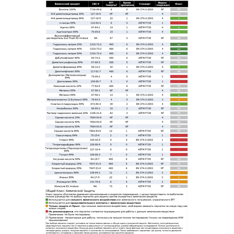 | Соответствие EN 374-3 | Type A (ALMNST), Метанол, Серная кислота 96%, Азотная кислота 65%, Уксусная кислота 99%, Фтористоводородная кислота 40%, Формальдегид 37%. |
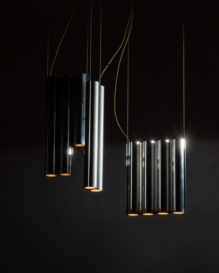 Suspendus dans l'architecture, les plafonniers dessinent des lignes lumineuses – constellations, volumes ou gestes. Sculpturaux ou discrets, ils façonnent l'espace, jouant avec la hauteur, les matériaux et le vide. Dans les halls d'entrée, les escaliers, les salles à manger, les cuisines ou les recoins, chaque luminaire véhicule une intention raffinée et percutante.
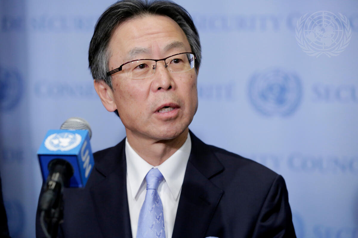 Motohide Yoshikawa, Permanent Representative of Japan to the UN, speaks to journalists following closed Security Council consultations on the serious situation arising from the launch using ballistic missile technology conducted by the Democratic People’s Republic of Korea (DPRK) on February 7, 2016.
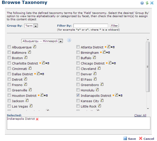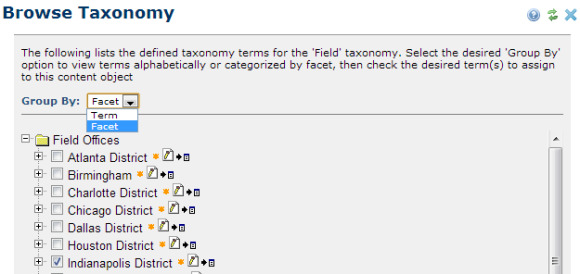 Use the Browse Taxonomy dialog to review terms, term relationships, current data associations, and annotations for an individual taxonomy. Filter by term, facet, or search terms. You can conveniently select terms and maintain your selections while browsing for additional terms.
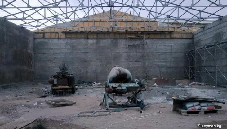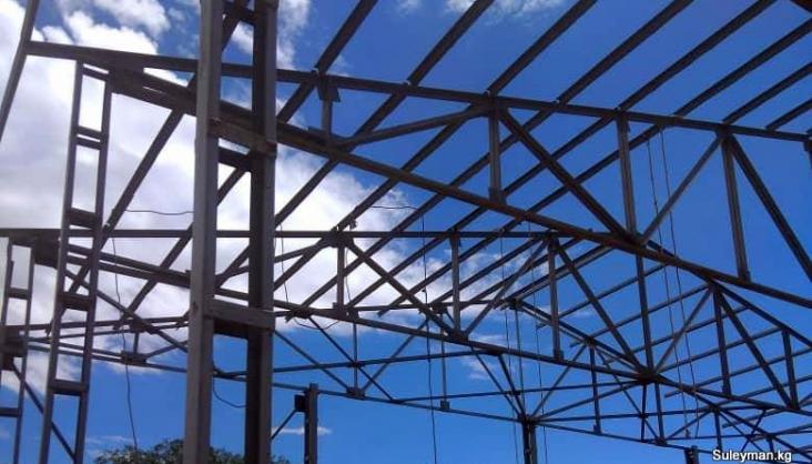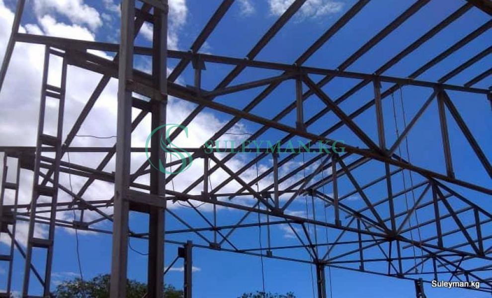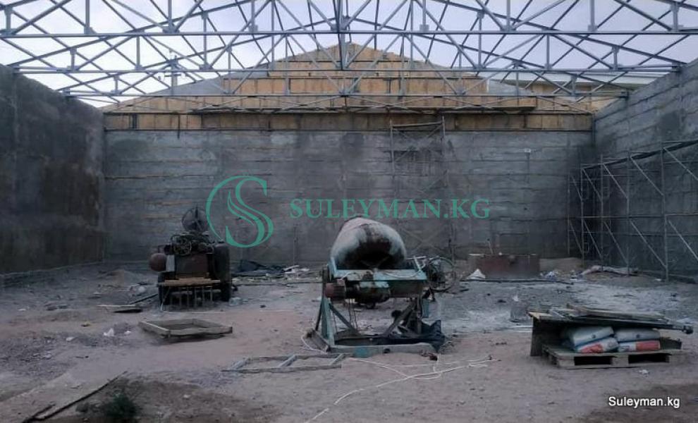 Склад в г.Балыкчы металлоконструкция и пенобетон. Размеры ангара 18х36 метров. Был поднят каркас из металла. Стены залиты пенобетоном.
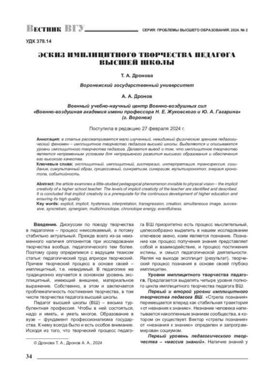 Дискуссии по поводу творчества в педагогике – процесс неиссякаемый, а потому стабильно актуальный. Прежде всего из-за неизменного наличия оппонентов при исследовании творчества вообще, педагогического тем более. Поэтому сразу определимся с ведущим тезисом статьи: педагогический труд априори творческий. Причем творческий процесс в основе своей – имплицитный, т. е. невидимый. В педагогике же традиционно изучается в основном уровень эксплицитный, имеющий внешнее, материальное выражение. Собственно, в этом и заключается проблематичность постижения творчества, в том числе творчества педагога высшей школы.
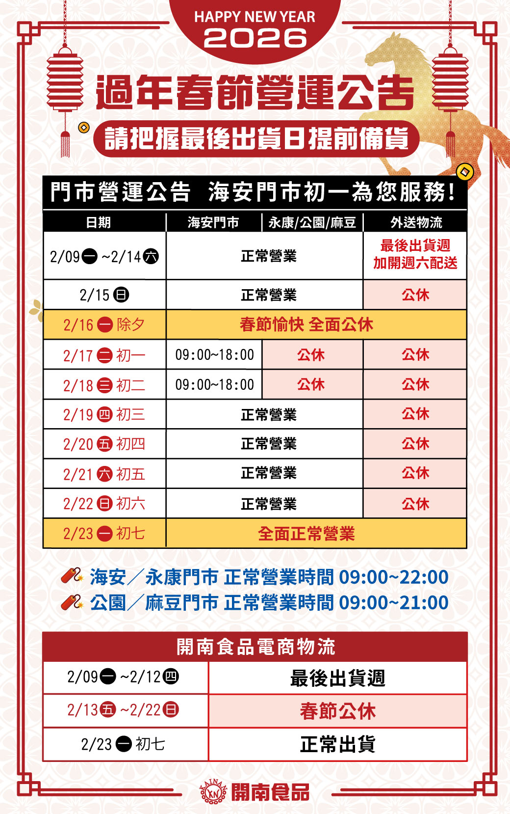 【 開南食品2026農曆春節營業公告】
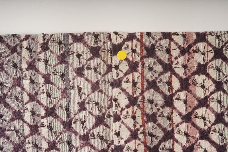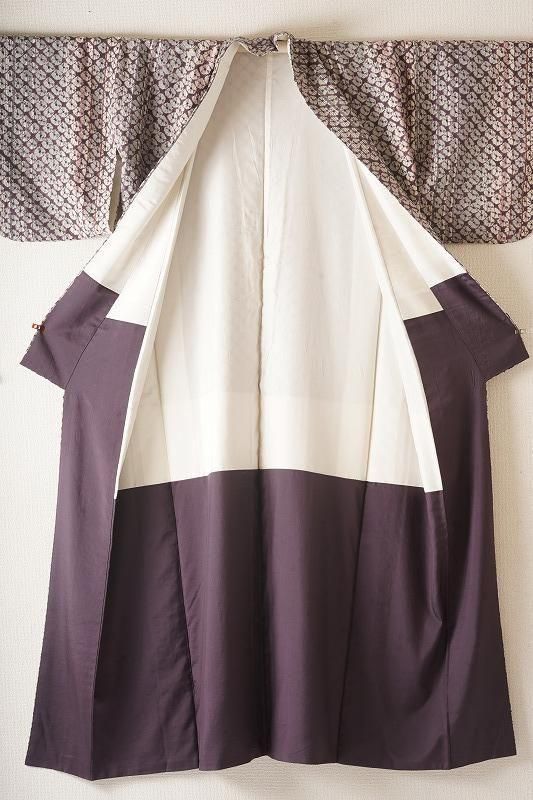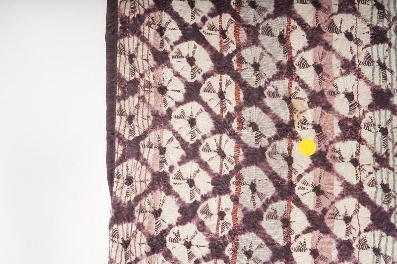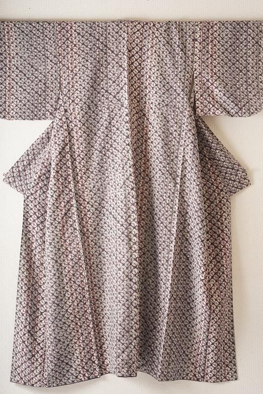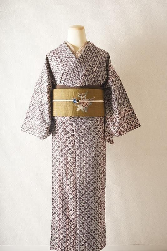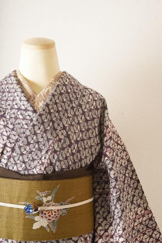 ■特記:縞を通した地に、滅紫色(和色大辞典参照)の蜘蛛絞りを施した小紋。色柄ともにフェミニンな印象を運びます。

════

### [EXERCISE REQUIREMENTS]
Repeat every entry above precisely, leaving each picture out.

### [ANSWER TO THIS PROBLEM]
 | Соответствие EN 374-3 | Type A (ALMNST), Метанол, Серная кислота 96%, Азотная кислота 65%, Уксусная кислота 99%, Фтористоводородная кислота 40%, Формальдегид 37%. |
 Suspendus dans l'architecture, les plafonniers dessinent des lignes lumineuses – constellations, volumes ou gestes. Sculpturaux ou discrets, ils façonnent l'espace, jouant avec la hauteur, les matériaux et le vide. Dans les halls d'entrée, les escaliers, les salles à manger, les cuisines ou les recoins, chaque luminaire véhicule une intention raffinée et percutante.
 Motohide Yoshikawa, Permanent Representative of Japan to the UN, speaks to journalists following closed Security Council consultations on the serious situation arising from the launch using ballistic missile technology conducted by the Democratic People’s Republic of Korea (DPRK) on February 7, 2016.
 Use the Browse Taxonomy dialog to review terms, term relationships, current data associations, and annotations for an individual taxonomy. Filter by term, facet, or search terms. You can conveniently select terms and maintain your selections while browsing for additional terms.
 Склад в г.Балыкчы металлоконструкция и пенобетон. Размеры ангара 18х36 метров. Был поднят каркас из металла. Стены залиты пенобетоном.
 Дискуссии по поводу творчества в педагогике – процесс неиссякаемый, а потому стабильно актуальный. Прежде всего из-за неизменного наличия оппонентов при исследовании творчества вообще, педагогического тем более. Поэтому сразу определимся с ведущим тезисом статьи: педагогический труд априори творческий. Причем творческий процесс в основе своей – имплицитный, т. е. невидимый. В педагогике же традиционно изучается в основном уровень эксплицитный, имеющий внешнее, материальное выражение. Собственно, в этом и заключается проблематичность постижения творчества, в том числе творчества педагога высшей школы.
 【 開南食品2026農曆春節營業公告】
 ■特記:縞を通した地に、滅紫色(和色大辞典参照)の蜘蛛絞りを施した小紋。色柄ともにフェミニンな印象を運びます。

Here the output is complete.